*TASK PROMPT*:
Word for word, output every line of the material below, minus pictures.

*PROVIDED DATA*:
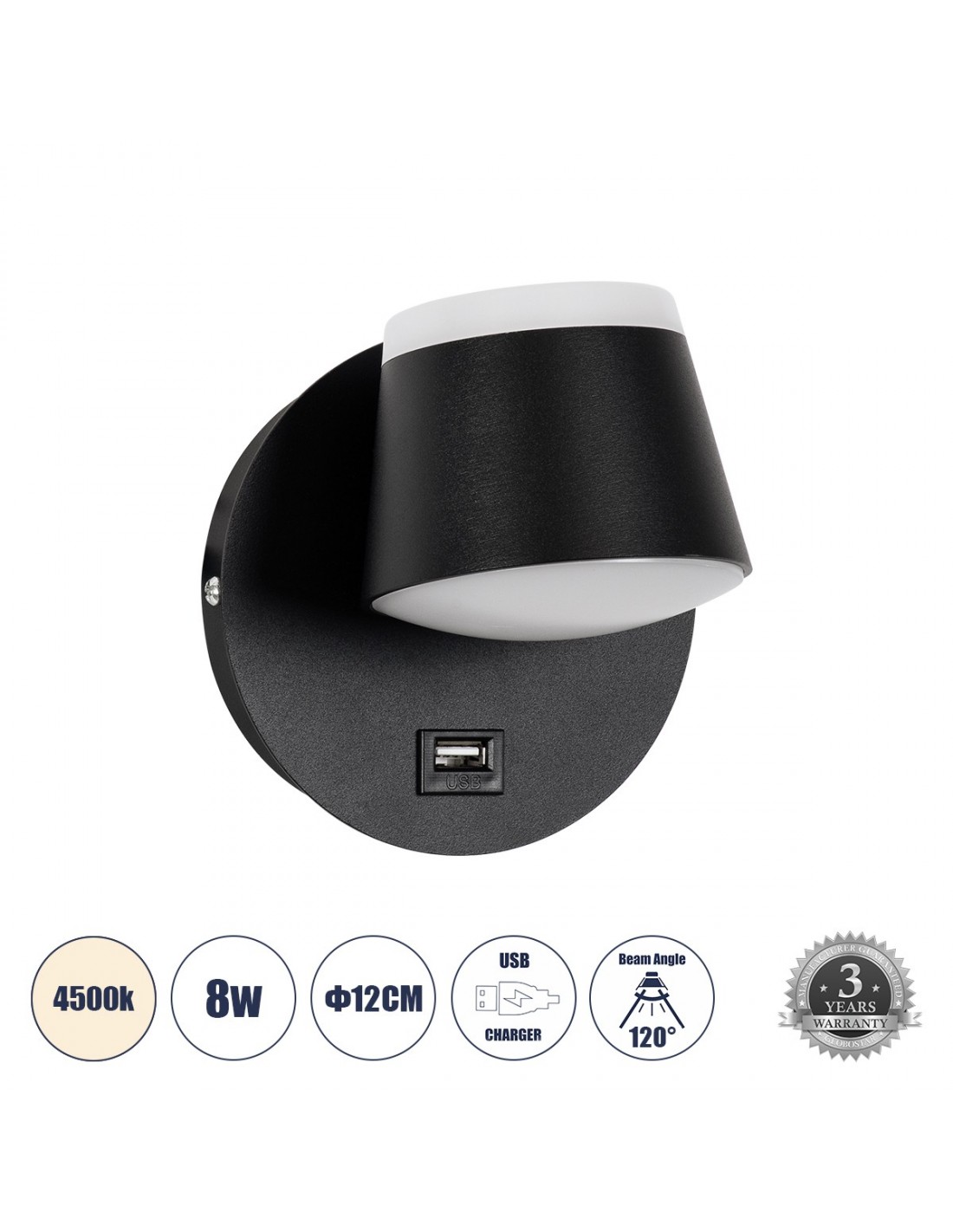 GLOBOSTAR® REGENCY 61373 Μοντέρνο Φωτιστικό Τοίχου - Απλίκα Ξενοδοχείου Reading Light με Φορτιστή USB 3A LED 8W 920lm 120° AC 220-240V IP20 Φυσικό Λευκό 4500K - Bridgelux SMD Chip & TÜV SÜD Driver - Μαύρο Ματ - Μ12 x Π12 x Υ13cm - 3 Χρόνια Εγγύηση
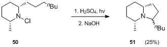 P. E. Sonnet and J. E. Oliver[32] employed classic Hofmann–Löffler–Freytag reaction conditions in the synthesis of potential ant sex pheromone precursors (i.e. octahydroindolizine 51).
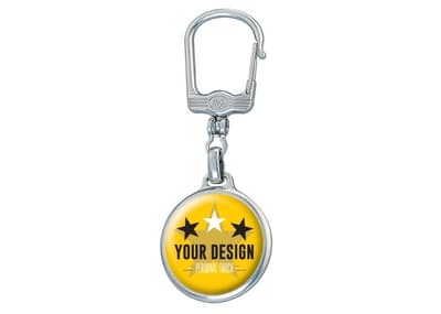 Metalen ronde sleutelhanger, mat zilver met clip. Met dubbelzijdige doming.
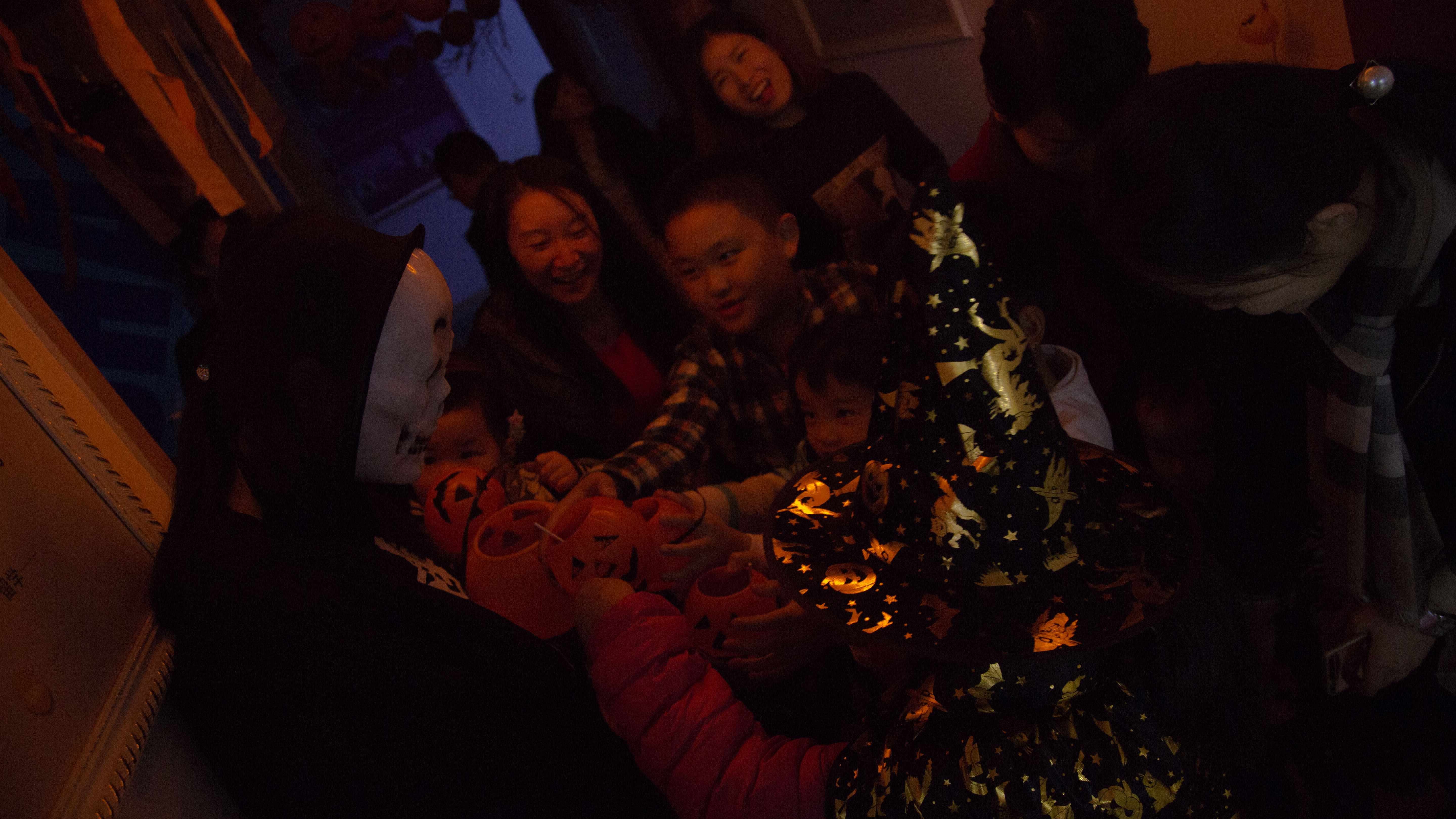 打开魔鬼的大门,说出通关密语,开启寻糖之旅。每一位小朋友都特别的勇敢,说出通关密语之后小小南瓜桶里面就装满了糖果哟~

*ANSWER FOR THIS EXERCISE*:
 GLOBOSTAR® REGENCY 61373 Μοντέρνο Φωτιστικό Τοίχου - Απλίκα Ξενοδοχείου Reading Light με Φορτιστή USB 3A LED 8W 920lm 120° AC 220-240V IP20 Φυσικό Λευκό 4500K - Bridgelux SMD Chip & TÜV SÜD Driver - Μαύρο Ματ - Μ12 x Π12 x Υ13cm - 3 Χρόνια Εγγύηση
 P. E. Sonnet and J. E. Oliver[32] employed classic Hofmann–Löffler–Freytag reaction conditions in the synthesis of potential ant sex pheromone precursors (i.e. octahydroindolizine 51).
 Metalen ronde sleutelhanger, mat zilver met clip. Met dubbelzijdige doming.
 打开魔鬼的大门,说出通关密语,开启寻糖之旅。每一位小朋友都特别的勇敢,说出通关密语之后小小南瓜桶里面就装满了糖果哟~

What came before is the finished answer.